Как хороший кузнец, настоящий мастер своего дела, Чучнев-старший всегда был уважаем в Вологде, но то, как он дрался нынешней ночью, то, какие благородные и чистые слова произнес только что, сразу же вознесло его на недосягаемую для других высоту. И не только в глазах Шурика…
Данила Петрович, его ратники и простые ополченцы смотрели на него, и лица их менялись. Они оттаивали, словно перед мысленным взором этих утомленных, измотанных людей заново вставали события дней минувших.
Как будто наяву видели они шляхетских бандитов, оглодавшим, озлобленным зверьем бродивших вокруг Кирилло-Белозерского монастыря, что привлекал их слухами о несметных богатствах и кладовых, полных снеди. Как эти волки сбивались в одну большую стаю и как эта стая в отчаянии, когда в окрестных деревнях и селах уже нечем стало поживиться, ринулась на приступ святой обители. И как на их пути встали защитники монастыря, значительно уступавшие им в численности, но исполненные решимости уничтожить врага или умереть самим. И как полная луна в окружении звезд торжественно и печально взирала на кровавую сечу, без малого три часа бушевавшую в темноте, разгоняемой помимо нее малочисленными факелами и непрестанными всполохами ружейного огня. И как моменты отчаяния сменялись минутами ликования, а потом чаша весов снова склонялась на сторону нападавших, и тревога вновь овладевала русским воинством. И как в конце концов решимость оставила шляхтичей, как они дрогнули и побежали куда глаза глядят, помышляя уже не о монастырской сокровищнице, а только лишь о спасении собственной шкуры. И как в спину этой поганой нечисти ударили уцелевшие русские ратники. И как побили они до смерти всех лиходеев за редким, видимо, исключением…
И, вспоминая все это, думали они: как же такое могло приключиться? Как удалось им, находясь в меньшинстве, разгромить супостатов, превосходивших их более чем вдвое? Чьей волей была дарована им эта победа?
Данила Петрович стянул с головы свою высокую меховую шапку и торжественно, неторопливо положил крест. Ополченцы перекрестились за ним следом, как показалось Шурику, вроде бы даже светлея при этом лицом.
— Твоя правда, Михайло, — сказал боярин. — Без Божьей помощи нипочем бы нам обитель не отстоять. Не будем гневить Всевышнего! — И прибавил, кивнув на пойманного беглеца: — Тащите его в сани. В монастырь свезем. А там уж пускай Бог сам решает, жить ему аль помирать.

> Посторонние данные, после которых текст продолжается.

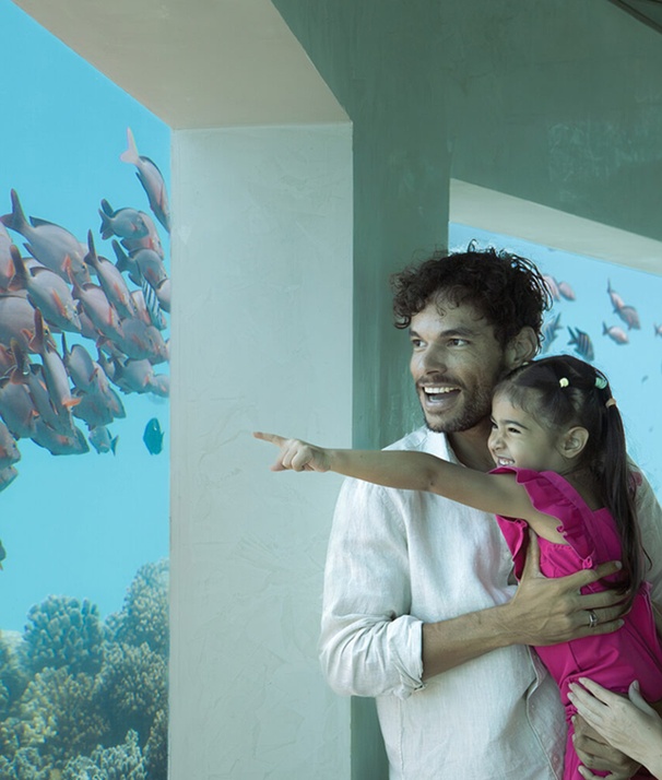 Experience top-class culinary experience at this exceptional Maldivian under-ocean restaurant where you get a front-row seat to the region's brilliant coral reef and marine life. This horseshoe-shaped restaurant offers nice four-course spreads for lunch and dinner that include seafood, meat, vegan, or vegetarian (a special kid's menu is also available). (Do note that the Fushi Plan™ does not include dining at Only Blue which is chargeable with prices starting at $125++ per person.)
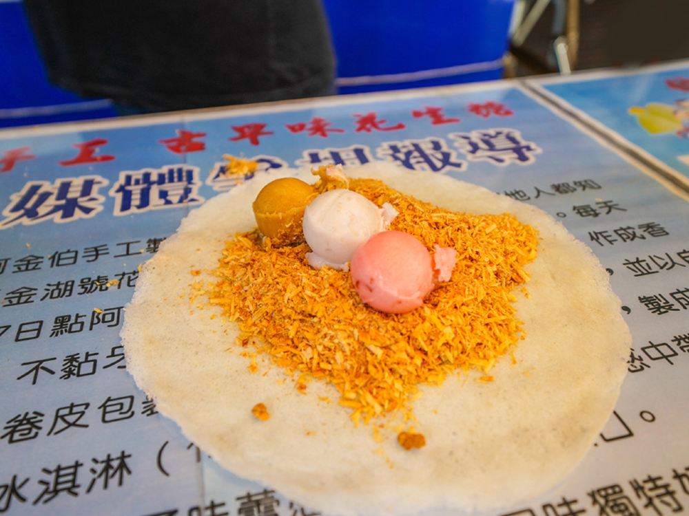 ▲宜兰美食很多,这条路线除了三星葱相关的食品都非常美味外,在梅花湖入口附近还有花生粉冰淇淋,没吃过的外国朋友可以买一个尝鲜哦。
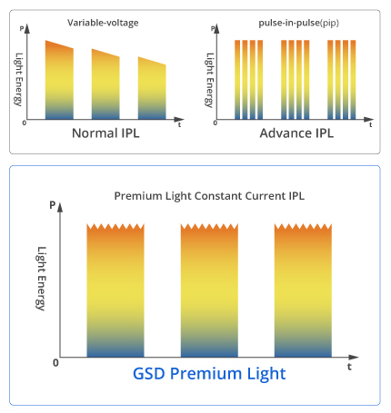 OPT refers to Optimal Pulse Technology. It is an enhanced technology of IPL. Lumenis is the first brand who introduce OPT technology. OPT gives users the ability to control the pulse shape. No matter whether it acts with a single pulse or multi-pulse, OPT always presents uniform and accurate energy output. Energy could instantaneously achieve peak power and keep stable during the entire pulse duration without any sudden energy fluctuation.
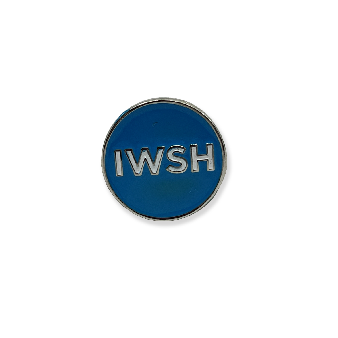 - Round metal pin badge with a blue enamel background and the acronym “IWSH” in silver lettering.

Ополченцы подхватили было раненого на руки, когда Данила Петрович спросил их:
— Оружие-то у него хоть есть какое?
— Да негусто, боярин! — ответили ему, подавая пару пистолетов и саблю в ножнах, изъятые у пленника.
Пистолеты воевода сразу же определил себе за пояс, а саблю обнажил.
— Что за диковина! — поразился он, поворачивая ее и так и сяк и удивленно рассматривая чудной клинок.
— Да шляхтич, видать, портным подрабатывал! — высказал кто-то предположение, встреченное дружным хохотом.
— Точно! Или скорняком! — ответил ему другой зубоскал.
Шурик покатывался вместе со всеми, прекрасно понимая, о чем идет речь. Действительно, создавалось впечатление, что мастер, изваявший на своей наковальне это явное недоразумение, эту откровенную насмешку над настоящим оружием, взял за образец большую портняжную иглу, увеличив ее до совсем уж исполинских размеров. Прямой клинок сего оружия был укреплен на рукояти, представлявшей нечто среднее между рукоятками обычной сабли и старинного меча. Сам же клинок был невероятно длинным и тонким, как самая настоящая игла, а кроме того, оставлял впечатление хрупкости и ненадежности.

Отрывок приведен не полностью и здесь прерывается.